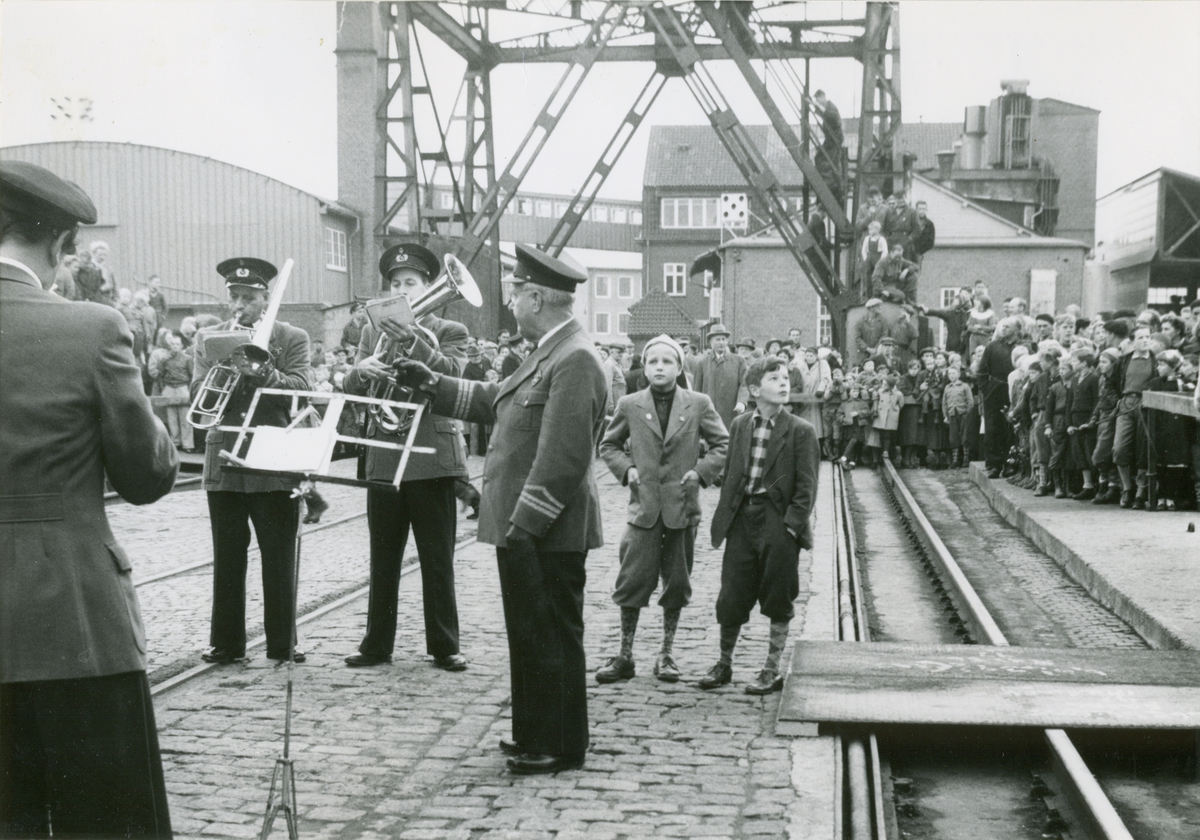 Ceremonier vid passagerarmotorfartyget GRIPEN av Malmö, sjösättning i Aahlborg, Danmark, 19/10 1955.
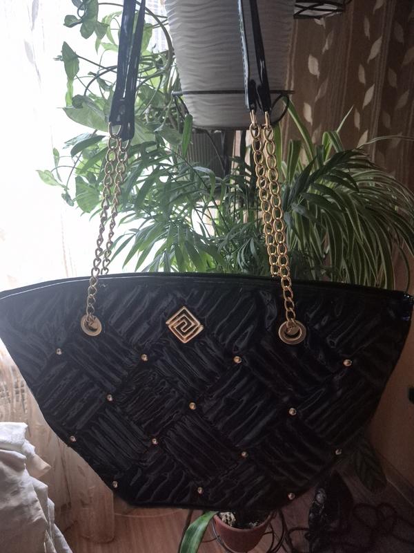 черная лакированная сумка-тоут с прошитым ромбовидным узором и золотистыми заклепками, цепочками и фурнитурой
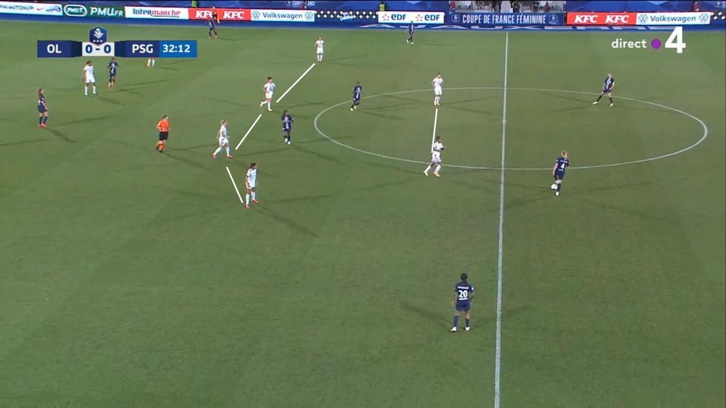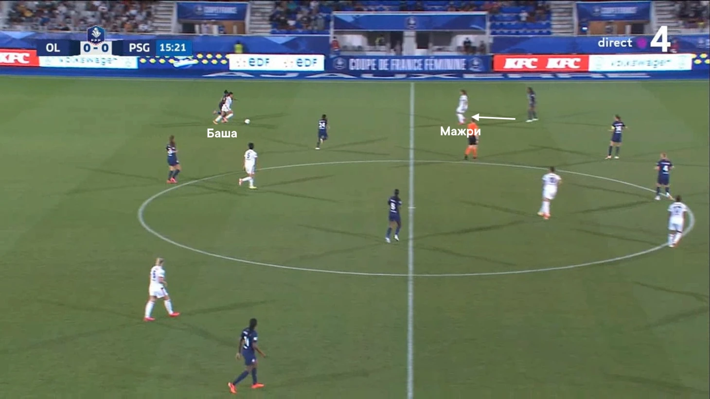 Без мяча «Лион» прессинговал по схеме 4-4-2. Марожан поднималась на одну линию с Пэррис и контролировала Паредес. Остальные разбирали прямых оппонентов:
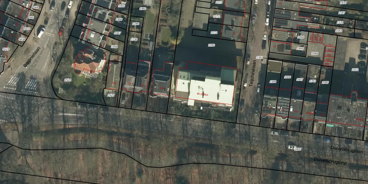 Duivelsbruglaan 100-B1 is gelegen op kadastraal perceel GNK02H2260. Deze kadastrale aanduiding is uniek en wordt gebruikt door het Kadaster om eigendomsrechten en andere zakelijke rechten vast te leggen. Het perceel maakt onderdeel uit van de kadastrale gemeente Ginneken.
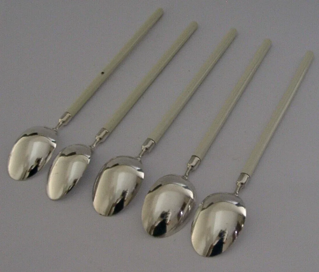 5 HANS HANSEN DANISH DESIGNER SOLID SILVER CERAMIC SUNDAE SPOONS c1950 MODERNIST
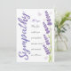Ermutigen Sie jemanden, der über den Verlust eines geliebten Menschen trauert, mit diesem einzigartigen Design mit einer großen senkrechten Überschrift, "Beileid", gefolgt von der Botschaft: "Kann Gott Ihr trauriges Herz trösten?, Ihren Schmerz und Leid lindern und Sie mit Frieden umgeben?" Hintergrund Lavendel, Schmetterling und Blume Illustration über Aquarelltextur Hintergrund. Inside kann mit Ihrer eigenen persönlichen Nachricht angepasst werden. Zurück hat diese Botschaft: "Meine Gedanken und Gebete sind bei dir. Geben Sie unten Ihren Namen an. Unten auf der Karte steht ein voll essbarer Bibelvers; "Gesegnet sind diejenigen, die trauern, denn sie werden beruhigt sein. Matthew 5:4 ."
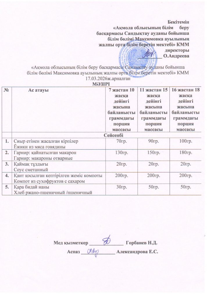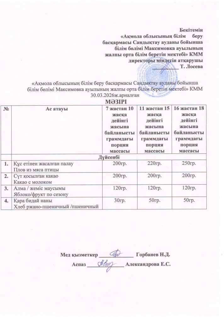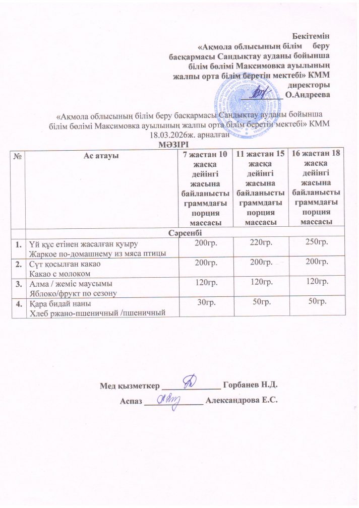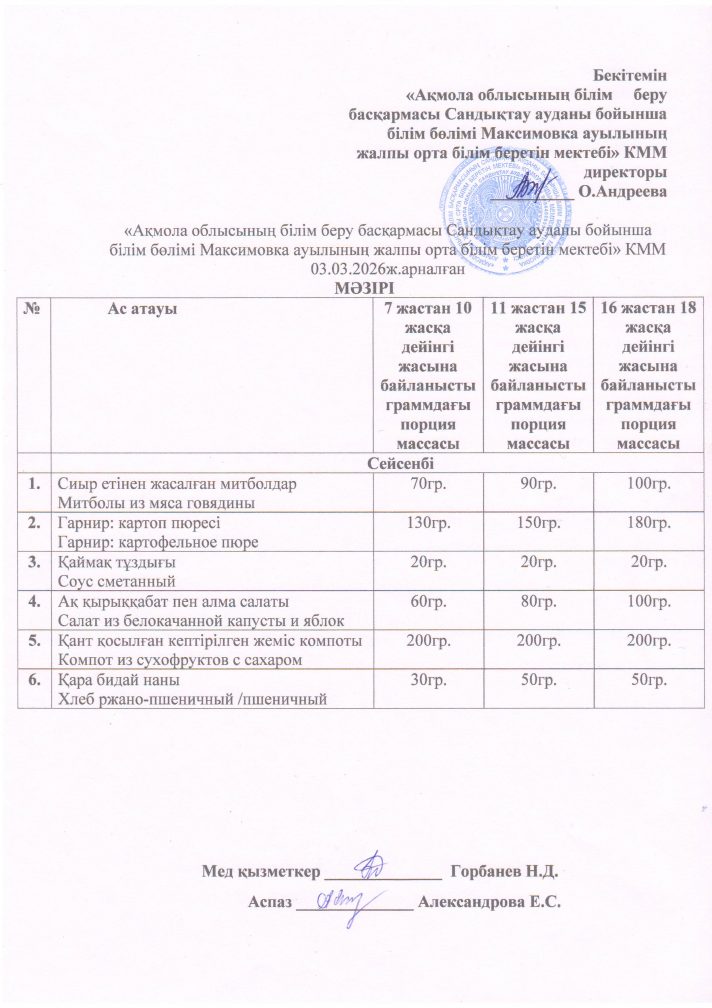 «Ақмола облысы білім басқармасының Сандықтау ауданы бойынша білім бөлімі Максимовка ауылының жалпы орта білім беретін мектебі» коммуналдық мемлекеттік мекемесі
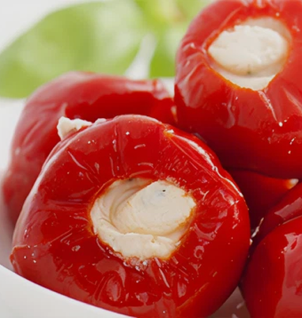Vibrant, ready-to-eat, mild, and sweet baby peppers filled with a blend of feta and cream cheese.
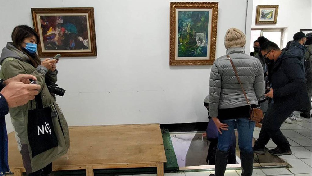 畫室擺設很簡潔,素白的牆,等距懸掛幾張畫,有水彩,有油畫,有人畫濤濤海浪,有人畫的很抽象。大片方格線條的白色磁磚地板,有塊綠色鐵板突兀的鑲嵌在角落,推開鐵板,眼前竟然出現昏暗的地下坑道入口,簡直恐怖電影情節。

******************************

# [Task objective]
The records above should be written out in full and unchanged, except that pictures are dropped.

# [Task answer]
 Ceremonier vid passagerarmotorfartyget GRIPEN av Malmö, sjösättning i Aahlborg, Danmark, 19/10 1955.
 черная лакированная сумка-тоут с прошитым ромбовидным узором и золотистыми заклепками, цепочками и фурнитурой
 Без мяча «Лион» прессинговал по схеме 4-4-2. Марожан поднималась на одну линию с Пэррис и контролировала Паредес. Остальные разбирали прямых оппонентов:
 Duivelsbruglaan 100-B1 is gelegen op kadastraal perceel GNK02H2260. Deze kadastrale aanduiding is uniek en wordt gebruikt door het Kadaster om eigendomsrechten en andere zakelijke rechten vast te leggen. Het perceel maakt onderdeel uit van de kadastrale gemeente Ginneken.
 5 HANS HANSEN DANISH DESIGNER SOLID SILVER CERAMIC SUNDAE SPOONS c1950 MODERNIST
Ermutigen Sie jemanden, der über den Verlust eines geliebten Menschen trauert, mit diesem einzigartigen Design mit einer großen senkrechten Überschrift, "Beileid", gefolgt von der Botschaft: "Kann Gott Ihr trauriges Herz trösten?, Ihren Schmerz und Leid lindern und Sie mit Frieden umgeben?" Hintergrund Lavendel, Schmetterling und Blume Illustration über Aquarelltextur Hintergrund. Inside kann mit Ihrer eigenen persönlichen Nachricht angepasst werden. Zurück hat diese Botschaft: "Meine Gedanken und Gebete sind bei dir. Geben Sie unten Ihren Namen an. Unten auf der Karte steht ein voll essbarer Bibelvers; "Gesegnet sind diejenigen, die trauern, denn sie werden beruhigt sein. Matthew 5:4 ."
 «Ақмола облысы білім басқармасының Сандықтау ауданы бойынша білім бөлімі Максимовка ауылының жалпы орта білім беретін мектебі» коммуналдық мемлекеттік мекемесі
Vibrant, ready-to-eat, mild, and sweet baby peppers filled with a blend of feta and cream cheese.
 畫室擺設很簡潔,素白的牆,等距懸掛幾張畫,有水彩,有油畫,有人畫濤濤海浪,有人畫的很抽象。大片方格線條的白色磁磚地板,有塊綠色鐵板突兀的鑲嵌在角落,推開鐵板,眼前竟然出現昏暗的地下坑道入口,簡直恐怖電影情節。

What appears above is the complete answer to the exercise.